▶ [EXERCISE DETAILS]:
What is printed must match, line for line, the records from their first line through the line containing "GRACE KARIN Womens", with pictures left out.

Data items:
=== Begin Enclosure ===

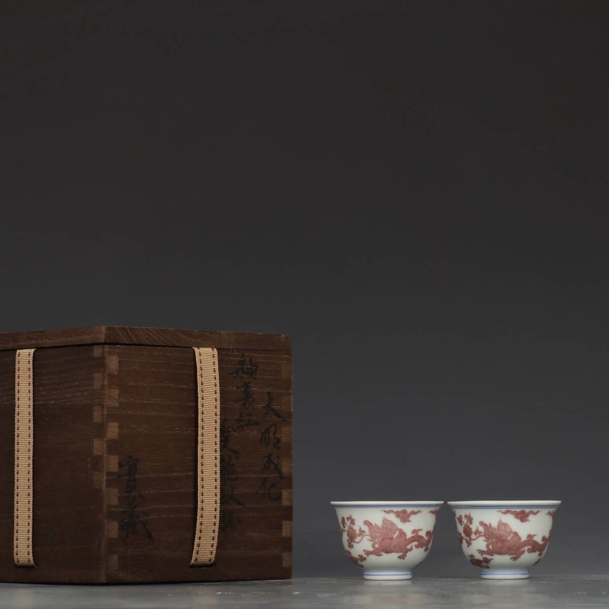- 明時代 成化 釉里紅 龍文杯2客 唐物 箱付き 陶磁器 中国美術 古美術 置物 骨董品 高さ4cm 口径6cm RG1178
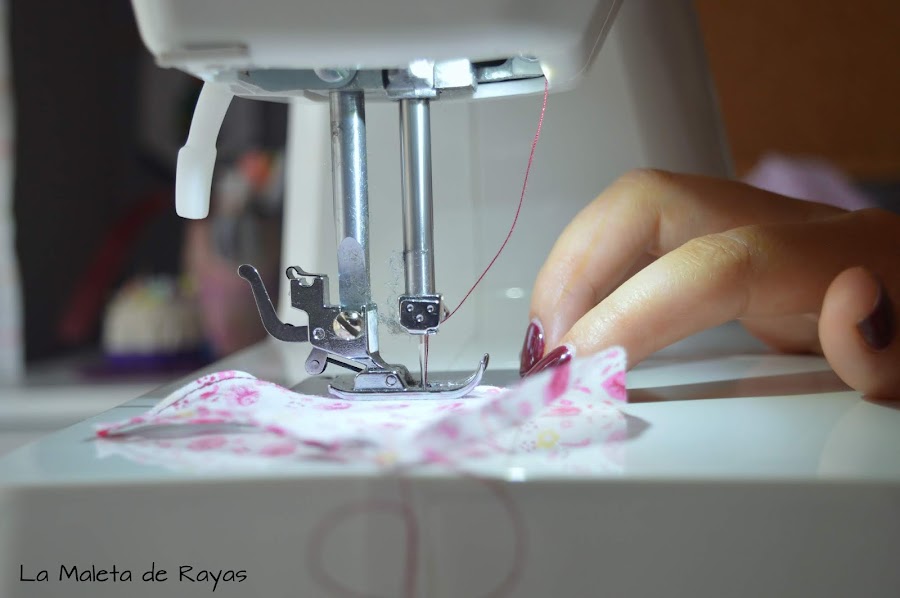 Cogemos las piezas de las orejas y les pasamos a la máquina un dobladillo, para que no se deshilachen y para facilitarnos coserlas después a la pieza del cuerpo.
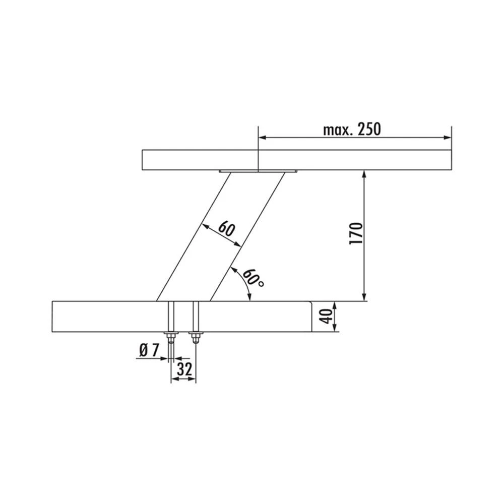 - max. Tragekraft pro Paar von ca. 60 kg bei gleichmäßig verteilter Last, bei einem max. Abstand der Konsolen von 900 mm und einem max. Überstand der Platten von 250 mm
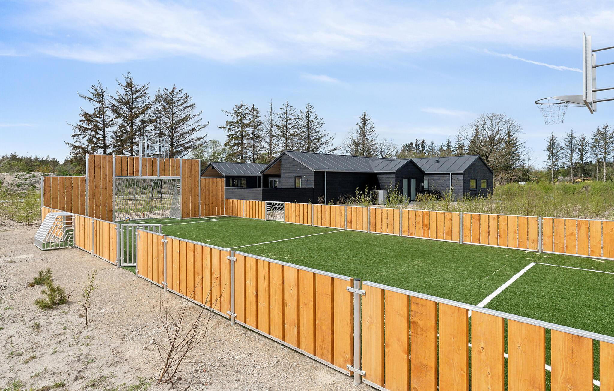 Udeområdet er tilsvarende dejligt og indbyder til sjov, leg og afslapning, når vejret er godt. Børnene får masser af plads, en trampolin og deres helt egen legeplads at boltre sig på, og måske I skal vælge hold til årets store brag på fodboldbanen? På den store terrasse er der masser af siddepladser, hvor I kan nyde måltiderne i det fri, hvis I føler for det, og her kan I også runde en smuk sommerdag af med et godt glas vin under aftensolen og nyde, at I ikke skal tidligt op.
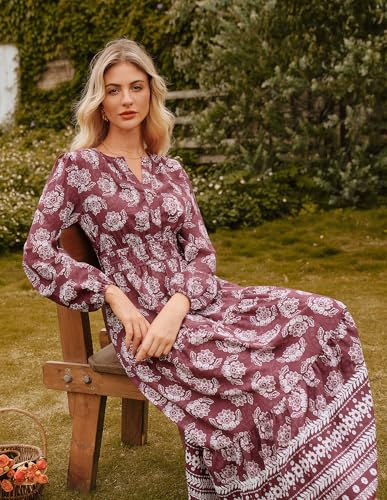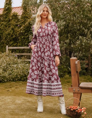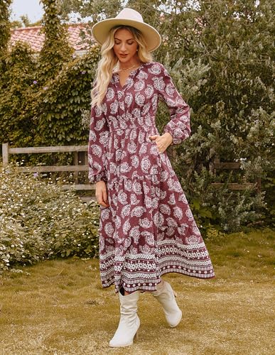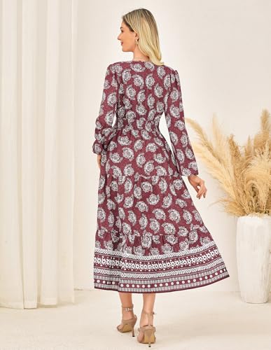 GRACE KARIN Womens 2025 Long Sleeve Floral Maxi Dress V Neck High Waist A Line Flowy Wedding Guest Dresses
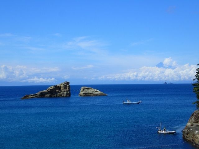 深く潜ったダイビングの後は高度の山越ができません。最短距離の真ん中ルートの天城越えはダメなので、ちょこちょこ寄り道しながら西側ルートを通って戻ります。雲見の牛着岩奥に雲に覆われた富士山が見えてます。 ここのところ、富士山の麓の富士市からも雲に覆われているので富士山登山の方はご来光を望むのは難しいでしょうね。下界は晴れてても、やはり梅雨が明けない事にはこんな感じなんでしょうね。寄り道1<松崎まちあるき>なまこ壁通りのある松崎町は歴史的建造物が沢山。薬学会の最高権威「近藤平三郎生家」 近藤平三郎氏はアルカロイドの研究に大きな足蹟を残した方。「時計塔」 時計塔は大正13年築→昭和13年水害により水没→昭和62年新設。統計等には「13」の文字が刻まれています。 日常にはない特別な時間が流れていることを表現されてます。 「明治商家 中瀬邸」 明治初期、呉服商を営んでいた依田家(主人は依田直吉)。ここで疑問。中瀬邸?依田邸?どっちが正しい?? で、聞いてみました。昔はこの周辺は海で「依田家」の周辺は瀬になっていたため、中瀬と呼ばれていました。このため「依田家」も屋号で「中瀬」と呼ばれていたことから、町が整備したときに「明治商家 中瀬邸」としたそうです。(by.松崎町観光協会)「時計塔と明治商家 中瀬邸」 他にも観光名所に指定されていませんが、昔ながらの雰囲気のある建造物が沢山。 とてもいい町並みでした。寄り道2<恋人岬> といおんせん← | →けっこん恋人岬 恋人岬の店長はネコ店長「らぶにゃん」です。 建物の入口前で恋人達を見守っている??恋人のモニュメント右奥に富士山が見えるはずなのですが、あいにく雲に隠れて見えません。 「金の鐘」 「愛の鐘」 それぞれ2人で3回鳴らすと恋が叶うと云い伝えられています。 老夫婦や既に結婚されているカップルは鳴らされてませんでしたが、なぜか家族連れは鳴らしています。記念ですからね~。 「銀の鐘」はグアムと姉妹岬協定が成立し、グアムに設置されています。愛の鐘からの眺望は絶景でした。 愛の鐘まではそこそこの道のりで、行きはよいよい、帰りは登り。汗だくです。 寄り道3<よしの滝>道路沿いに滝の看板があったので寄りました。看板から歩1分弱。 階段のようになっているのだが、自然の滝なのだろうか?それとも以前、温泉宿があってその庭園跡だろうか?(近くの看板から想像。)特に滝についての情報が何も設置されていないので、不明。ちょこちょこ寄り道とはいえ、堪能しました。
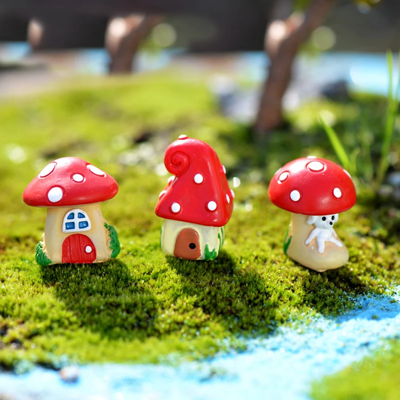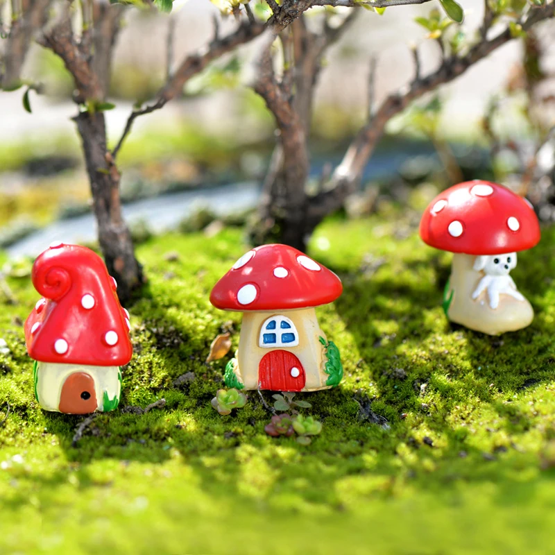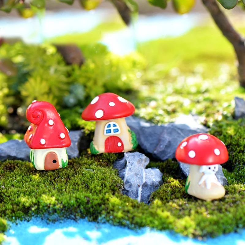 3 шт.компл. милый мультяшный красный грибной домик, 3 вида, для самостоятельной сборки, из смолы, для украшения сада, миниатюрный микро-гном, террариум
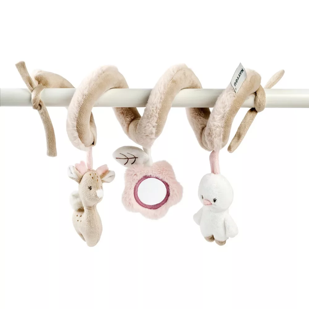 Ez a Nattou puha játékos spiráljáték ideális társ a babádnak otthon és útközben is. A vidám figurák csörgõvel, nyikorgással és gyûrött papírral felkeltik a kíváncsiságot, és arra ösztönzik a kis kezeket, hogy megragadják és felfedezzék õket. Így játékosan stimulálódik mind a tapintás, mind a hallás. Rugalmas formájának köszönhetõen a spirál könnyen rögzíthetõ kiságyra, bölcsõre, autósülésre vagy babakocsira. Egy színes kiegészítõ, amely végtelen játékidõt biztosít, és csodálatos babaajándék bármilyen alkalomra.

=== End Enclosure ===

▶ [ANSWER TO THE PROBLEM]:
- 明時代 成化 釉里紅 龍文杯2客 唐物 箱付き 陶磁器 中国美術 古美術 置物 骨董品 高さ4cm 口径6cm RG1178
 Cogemos las piezas de las orejas y les pasamos a la máquina un dobladillo, para que no se deshilachen y para facilitarnos coserlas después a la pieza del cuerpo.
 - max. Tragekraft pro Paar von ca. 60 kg bei gleichmäßig verteilter Last, bei einem max. Abstand der Konsolen von 900 mm und einem max. Überstand der Platten von 250 mm
 Udeområdet er tilsvarende dejligt og indbyder til sjov, leg og afslapning, når vejret er godt. Børnene får masser af plads, en trampolin og deres helt egen legeplads at boltre sig på, og måske I skal vælge hold til årets store brag på fodboldbanen? På den store terrasse er der masser af siddepladser, hvor I kan nyde måltiderne i det fri, hvis I føler for det, og her kan I også runde en smuk sommerdag af med et godt glas vin under aftensolen og nyde, at I ikke skal tidligt op.
 GRACE KARIN Womens 2025 Long Sleeve Floral Maxi Dress V Neck High Waist A Line Flowy Wedding Guest Dresses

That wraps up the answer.